Sentiment Analysis using a Dictionary

by James Fox

Paul Houghton has a great blog post and webinar on creating a sentiment analysis workflow in Alteryx using either an API, Dictionary, or Custom model. Check them out for a really good guide on how to use each of them!

In this blog I will take a deeper dive specifically into using the Dictionary method for Sentiment analysis, breaking down each step for cleaning and preparing the dictionary, followed by the sentiment scoring.

In this case example I am trying to understand how the sentiment of Pitchfork reviews compares to the Score given to an Artist’s Album.

This can help us answer questions such as; Is the sentiment of a review reflective of its score? Do different reviewers score higher then they feel about an album? How has this all changed over time?

Step 1 – Find your Dictionary

First of all it is important to find a good lexicon to score your words for you, I am using the MPQA Subjectivity Lexicon.

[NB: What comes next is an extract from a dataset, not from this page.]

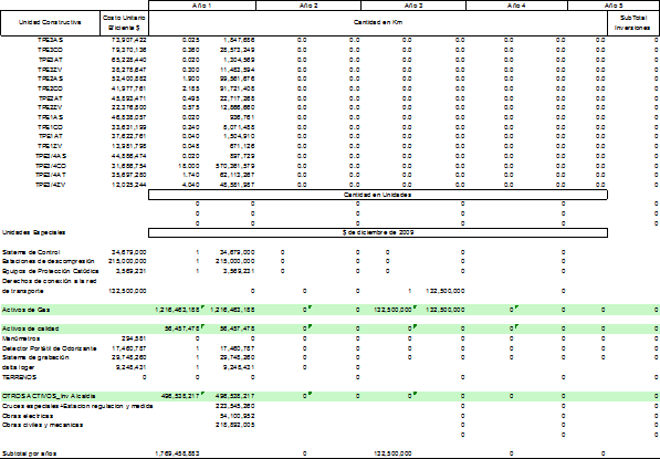 La solicitud tarifaria presentada por la empresa incluye las proyecciones de demanda, las proyecciones de gastos de AOM de distribución y el Programa de Nuevas Inversiones, clasificadas según el listado de unidades constructivas establecido en el Anexo No. 1 de la Resolución CREG 011 de 2003.

Step 2 – Extract data from the Dictionary

Each row of the MPQA Subjectivity Lexicon comes in this format:

type=weaksubj len=1 word1=abandoned pos1=adj stemmed1=n priorpolarity=negative

Luckily it comes with a README file that can help us understand what all that means. For this exercise I will be extracting the word, the polarity, and the type.

To extract this information we will use 3 regex tools.

  1. type=(.*)subj
  2. word1=(.+)\spos
  3. priorpolarity=(.*)

Then we have to assign values to find out the sentiment score. I have given weak words a value of 0.5 and strong words 1 using a formula tool.

There are neutral words and both words, but I will choose to ignore them (as I would give them a score of 0 anyway)

Next a formula to give the negative words a negative value.

Step 3 – Join the sentiment scores with the words in your data

These are 3 rows of the Pitchfork data:

We need to extract each word from those rows into new rows.

We can do with with a text to column tool when setting to to ‘Rows’ followed by a data cleaning to to make the works lower case (as joins in Alteryx are case sensitive) .

After joining the data we have each reveiw with each word and its sentiment score:

Following that step we need to summarise the sentiment score all of the words for each review.

Resulting in each Review with a total sentiment score

Step 4 – Additional Sentiment adjustment

After reaching this point you can make additional calculations to make the score more valid.

For example the review had different number of words, so those with more words tended to have a higher score.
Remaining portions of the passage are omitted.